Tate South Lambeth Library was originally proposed as the temporary town centre library for the north of the borough but following resident feedback from the consultation and because the building is more suitable for a healthy living centre, it’s now proposed that Durning Library will become the temporary town centre library funded by the council. However, the ambition would remain for a new library in the north of the borough by 2022 – replacing Durning library.  This change in proposal will be subject to a four week consultation from November.

It is also proposed that the home visiting service will continue to deliver books to the homes of those who can’t get out and about – supporting our most vulnerable residents.

I now ask that the community, friends of library groups, unions, council staff and all other interested parties work with us to make this difficult transition to what I will believe will be an affordable, re-shaped service, that will keep our libraries open at a time when hundreds of others around the country have closed.

  • I know there are more questions people have about these plans and some very specific issues that people have asked me to address. To best achieve that we have a Q&A online that gets into the real nitty gritty of how why these decisions have been made, and what happens next. Please visit www.lambeth.gov.uk/culture2020 to find out more.

Cllr Jane Edbrooke

 

15 COMMENTS

  1. To Jane Edbrooke. You make no mention of Carnegie Library in your explanations. Carnegie is due to close at the end of March/early April to make room for a gym??
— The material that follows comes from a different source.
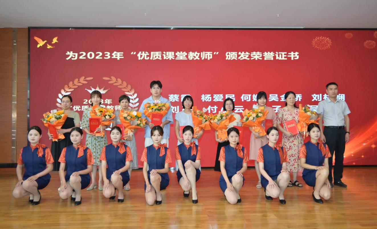 副校长刘丹宣读《关于公布 2023 年“优质课堂教师”评选结果的通知》。学校授予蔡霞等9人“优质课堂教师”称号,副校长陶智勇为 2023 年“优质课堂教师”颁发荣誉证书。

    Gyms are for toning the body, which has become a national obsession, often to a damaging degree.

    Libraries support a community in a more extensive and wholesome way.

    The cuts that you ‘grinningly’ explain away, deftly extract the ‘Centre’s of Humanity’ from these communities leaving us on the brink of a very disturbing future.

    How much money has Lambeth Council offered towards funding Thomas Heatherwick’s Garden Bridge?

    Are Libraries a joke to you?

  2. […] Supporters of Carnegie library have produced a strongly argued document that attacks the Carnegie Community Trust. They say its eight-person board contains at least five local Labour party activists who, they say, work “in close cooperation” with the council cabinet member in charge of libraries, Jane Edbrooke. […]

  3. Disgraceful! Labour will be losing plenty of votes if the council goes ahead with this ridiculous and badly conceived project. Pepercorn rent for GLL? Unbelievable and wrong! Councillors ignoring the people that they should be listening too? Absurd. Council meetings with bouncers at the door? Pathetic!

    Councillors, listen to the communities: we don’t want gyms at libraries! We want libraries to be libraries!

  4. If there is not enough budget for basic services like libraries, then raise more money by raising council tax (an option somehow neglected entirely in the consultation process). There are plenty I’d wealthy people in this borough who can easily afford to pay more for basic services (I am one of them). It’s supposed to be a Labour council, for pity’s sake.

  5. “let me assure I will be heavily involved”

    No part assurance. Dictatorial Jane is just repeating the same old nonsense. Gyms with books? Ridiculous. GLL handed our libraries, who wanted that in consultation? Complete joke. Just another Blairite careerist scheme, ill-conceived private sector pandering bollocks. The cabinet should resign, they’re vain and unaccountable, and the whole set up is textbook corrupt.